## About this exercise
Only lines holding "Bomans" are wanted; copy each of them from the records below.

Exercise materials below:

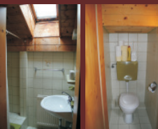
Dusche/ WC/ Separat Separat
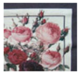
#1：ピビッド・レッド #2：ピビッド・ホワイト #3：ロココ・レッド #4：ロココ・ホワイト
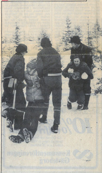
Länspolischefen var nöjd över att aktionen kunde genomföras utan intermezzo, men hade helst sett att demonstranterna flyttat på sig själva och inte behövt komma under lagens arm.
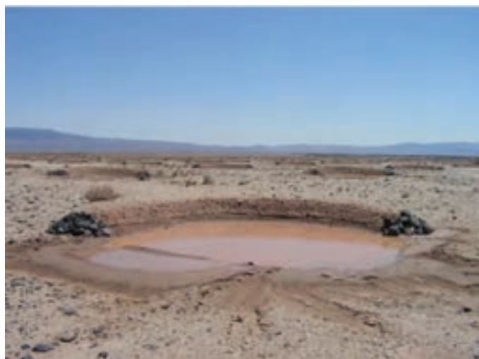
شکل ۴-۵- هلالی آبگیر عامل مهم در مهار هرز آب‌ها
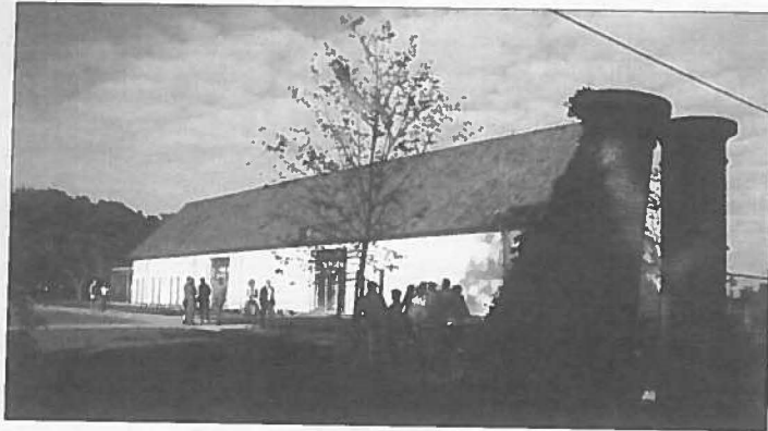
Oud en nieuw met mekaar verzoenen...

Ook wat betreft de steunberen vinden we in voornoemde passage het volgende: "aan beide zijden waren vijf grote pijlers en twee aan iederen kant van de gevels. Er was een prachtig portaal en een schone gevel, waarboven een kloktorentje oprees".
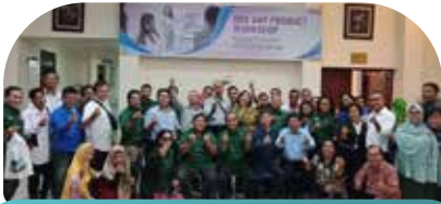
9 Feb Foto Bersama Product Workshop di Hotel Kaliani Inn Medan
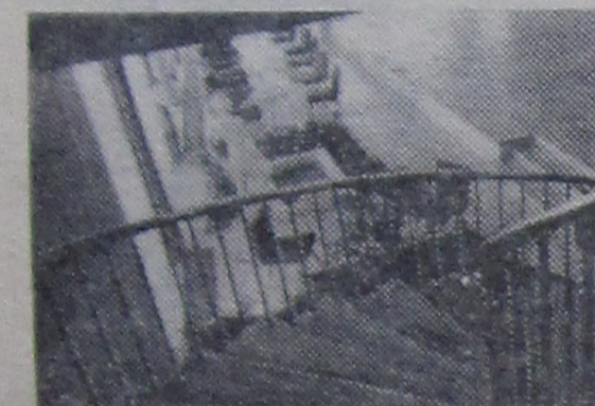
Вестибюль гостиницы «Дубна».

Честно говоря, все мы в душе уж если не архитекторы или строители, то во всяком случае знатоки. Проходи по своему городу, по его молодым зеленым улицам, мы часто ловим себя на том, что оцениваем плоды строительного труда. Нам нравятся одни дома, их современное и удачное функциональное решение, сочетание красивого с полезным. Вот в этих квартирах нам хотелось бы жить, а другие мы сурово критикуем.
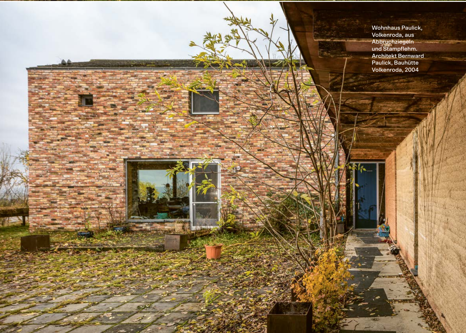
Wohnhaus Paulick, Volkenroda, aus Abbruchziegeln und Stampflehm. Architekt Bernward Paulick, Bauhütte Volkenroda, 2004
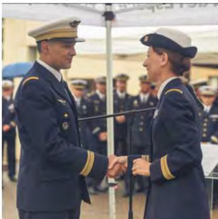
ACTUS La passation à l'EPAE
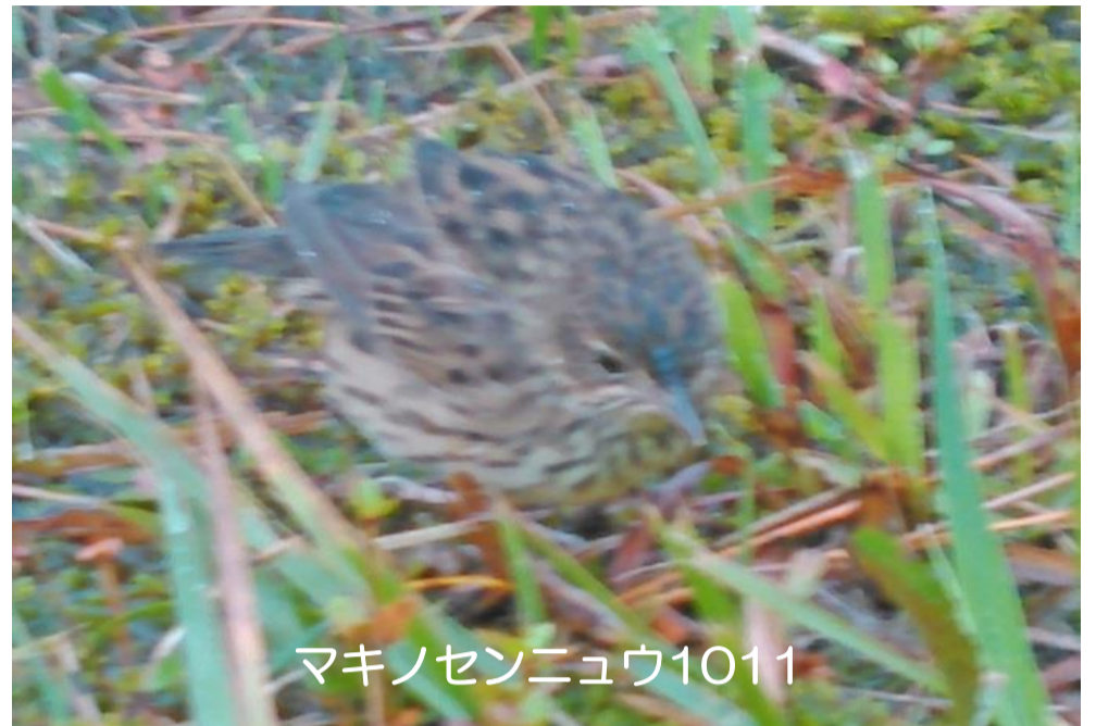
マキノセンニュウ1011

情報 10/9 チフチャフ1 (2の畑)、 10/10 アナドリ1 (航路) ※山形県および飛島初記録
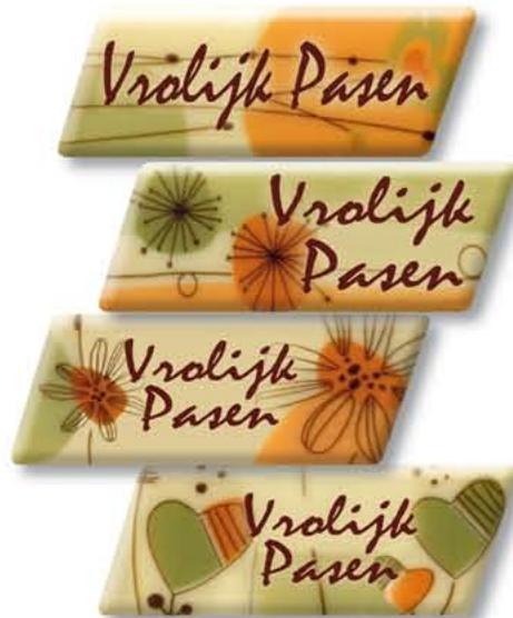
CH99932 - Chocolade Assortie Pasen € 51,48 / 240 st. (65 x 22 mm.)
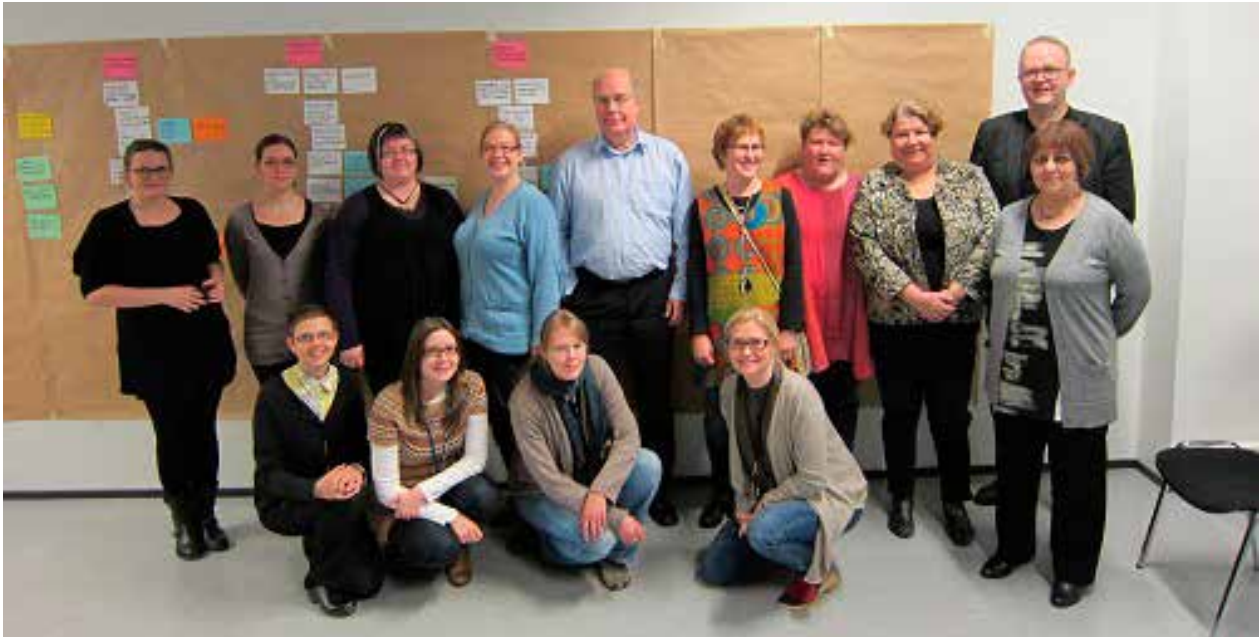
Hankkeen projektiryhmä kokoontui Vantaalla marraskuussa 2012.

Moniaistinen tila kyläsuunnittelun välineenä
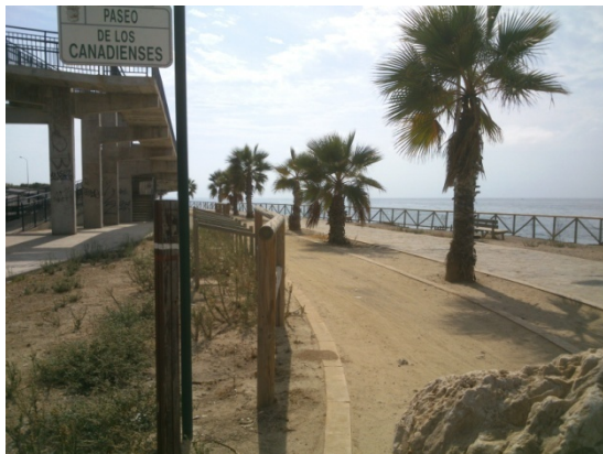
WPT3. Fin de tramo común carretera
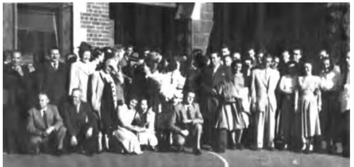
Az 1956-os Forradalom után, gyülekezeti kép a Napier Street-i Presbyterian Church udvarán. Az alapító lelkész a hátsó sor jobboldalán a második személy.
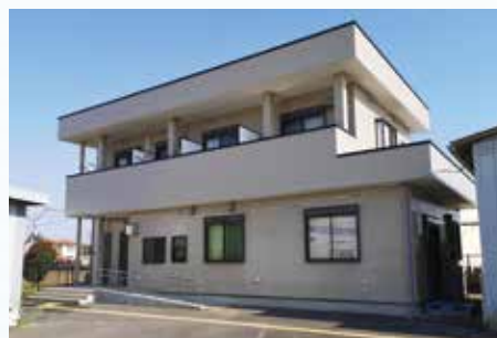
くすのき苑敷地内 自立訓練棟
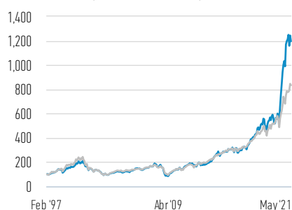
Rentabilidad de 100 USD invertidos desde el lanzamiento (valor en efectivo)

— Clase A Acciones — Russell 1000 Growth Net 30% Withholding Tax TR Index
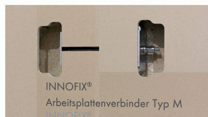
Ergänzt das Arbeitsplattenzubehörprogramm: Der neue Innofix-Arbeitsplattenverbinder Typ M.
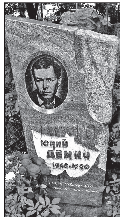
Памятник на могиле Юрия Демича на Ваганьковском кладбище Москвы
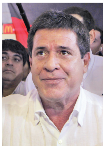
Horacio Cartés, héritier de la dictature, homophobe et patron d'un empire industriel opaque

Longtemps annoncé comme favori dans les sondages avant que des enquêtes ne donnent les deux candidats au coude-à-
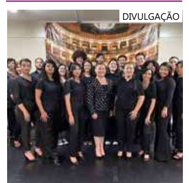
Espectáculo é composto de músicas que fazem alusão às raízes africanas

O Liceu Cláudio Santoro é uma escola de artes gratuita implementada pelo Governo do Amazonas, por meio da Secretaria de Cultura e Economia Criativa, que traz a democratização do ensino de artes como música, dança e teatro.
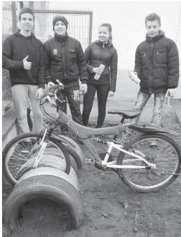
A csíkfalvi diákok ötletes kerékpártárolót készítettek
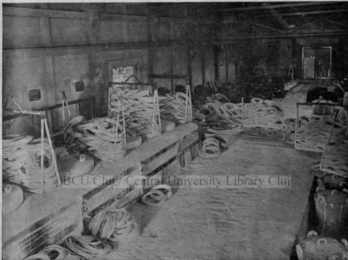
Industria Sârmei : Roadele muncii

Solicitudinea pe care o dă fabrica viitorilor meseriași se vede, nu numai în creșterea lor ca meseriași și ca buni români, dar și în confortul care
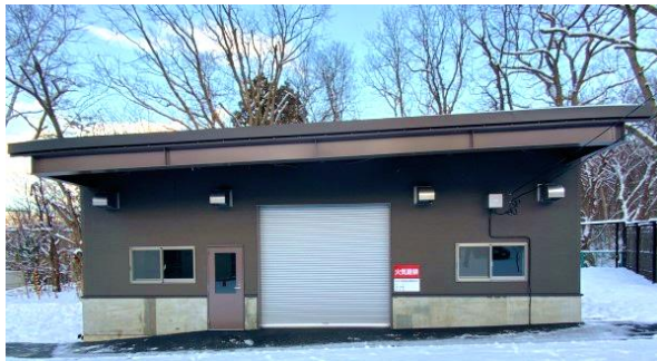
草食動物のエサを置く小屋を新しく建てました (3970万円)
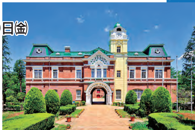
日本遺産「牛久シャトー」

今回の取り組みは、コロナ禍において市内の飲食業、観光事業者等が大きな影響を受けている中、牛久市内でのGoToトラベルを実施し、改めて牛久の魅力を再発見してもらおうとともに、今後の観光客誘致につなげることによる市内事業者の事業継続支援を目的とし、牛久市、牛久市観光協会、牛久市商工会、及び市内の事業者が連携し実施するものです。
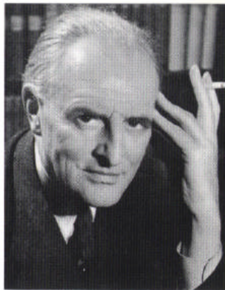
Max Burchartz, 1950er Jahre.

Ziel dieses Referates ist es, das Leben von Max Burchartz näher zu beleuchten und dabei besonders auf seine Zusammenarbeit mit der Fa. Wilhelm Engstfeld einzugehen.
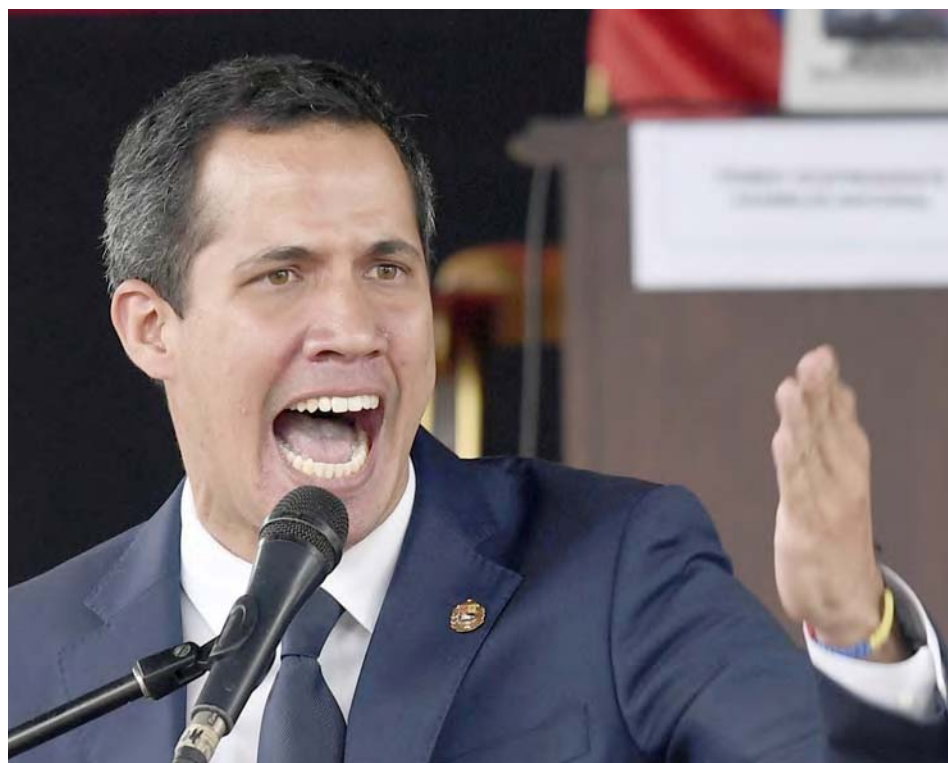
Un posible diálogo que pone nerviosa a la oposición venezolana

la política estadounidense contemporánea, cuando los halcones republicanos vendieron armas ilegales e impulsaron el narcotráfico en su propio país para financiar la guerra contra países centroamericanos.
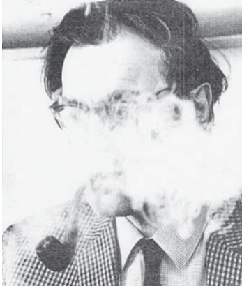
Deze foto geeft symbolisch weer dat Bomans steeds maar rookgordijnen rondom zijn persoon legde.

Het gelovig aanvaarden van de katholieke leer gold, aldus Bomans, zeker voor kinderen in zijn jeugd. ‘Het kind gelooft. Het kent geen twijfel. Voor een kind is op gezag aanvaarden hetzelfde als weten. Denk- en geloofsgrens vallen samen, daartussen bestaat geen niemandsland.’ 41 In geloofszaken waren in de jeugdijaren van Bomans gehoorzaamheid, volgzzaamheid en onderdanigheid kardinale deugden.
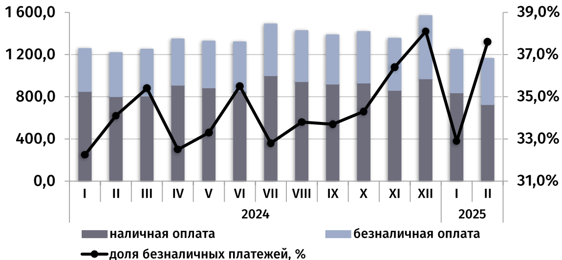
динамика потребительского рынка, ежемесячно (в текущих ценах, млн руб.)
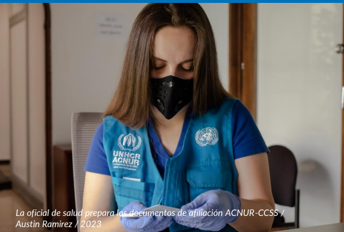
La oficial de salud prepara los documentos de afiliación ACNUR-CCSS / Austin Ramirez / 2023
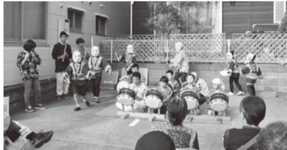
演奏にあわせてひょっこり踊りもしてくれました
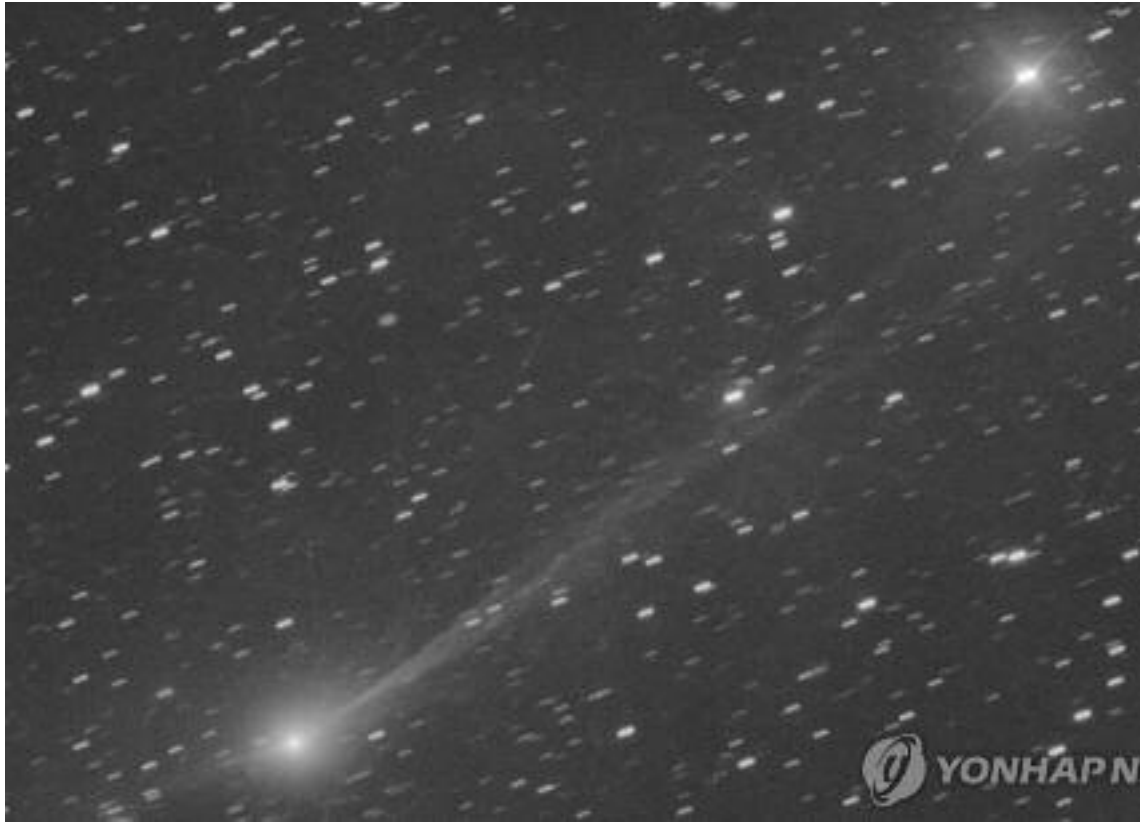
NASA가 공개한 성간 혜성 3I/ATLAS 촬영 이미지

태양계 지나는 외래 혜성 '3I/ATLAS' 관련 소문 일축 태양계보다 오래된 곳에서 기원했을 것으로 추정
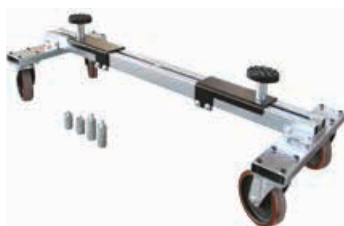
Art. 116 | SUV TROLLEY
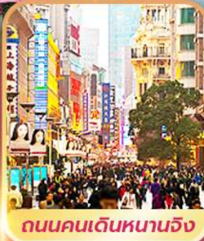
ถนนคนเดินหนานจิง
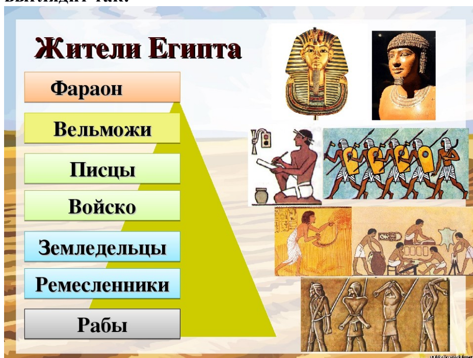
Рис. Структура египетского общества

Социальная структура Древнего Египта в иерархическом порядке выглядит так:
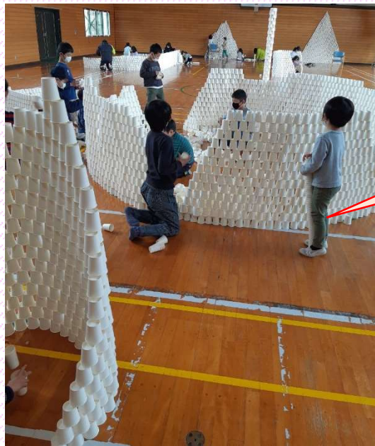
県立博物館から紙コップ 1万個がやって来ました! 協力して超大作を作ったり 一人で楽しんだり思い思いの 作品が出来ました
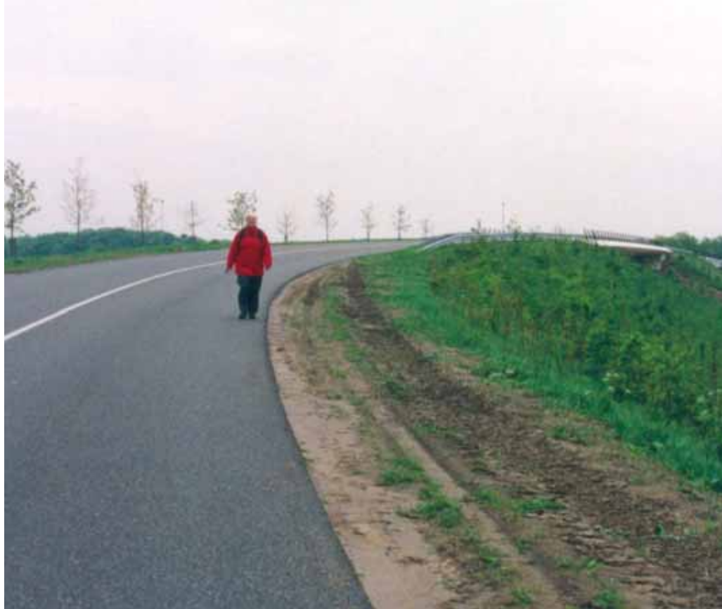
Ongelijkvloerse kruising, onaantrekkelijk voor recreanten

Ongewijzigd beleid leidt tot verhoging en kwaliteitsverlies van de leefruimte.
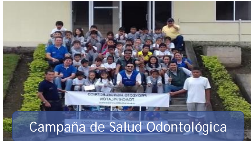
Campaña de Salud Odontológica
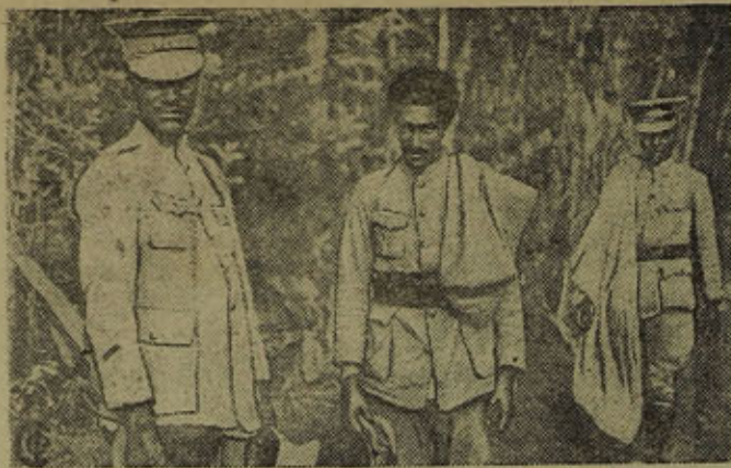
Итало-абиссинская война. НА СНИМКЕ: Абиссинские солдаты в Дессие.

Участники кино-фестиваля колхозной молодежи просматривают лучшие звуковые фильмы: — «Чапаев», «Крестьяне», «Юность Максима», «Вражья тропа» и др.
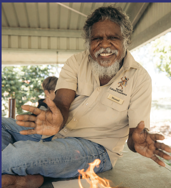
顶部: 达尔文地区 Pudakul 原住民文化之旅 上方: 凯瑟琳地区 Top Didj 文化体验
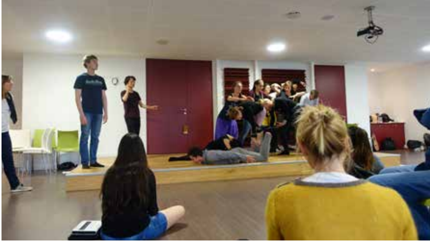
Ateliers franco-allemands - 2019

End of Exercise materials.

## Your solution
Deze foto geeft symbolisch weer dat Bomans steeds maar rookgordijnen rondom zijn persoon legde.
Het gelovig aanvaarden van de katholieke leer gold, aldus Bomans, zeker voor kinderen in zijn jeugd. ‘Het kind gelooft. Het kent geen twijfel. Voor een kind is op gezag aanvaarden hetzelfde als weten. Denk- en geloofsgrens vallen samen, daartussen bestaat geen niemandsland.’ 41 In geloofszaken waren in de jeugdijaren van Bomans gehoorzaamheid, volgzzaamheid en onderdanigheid kardinale deugden.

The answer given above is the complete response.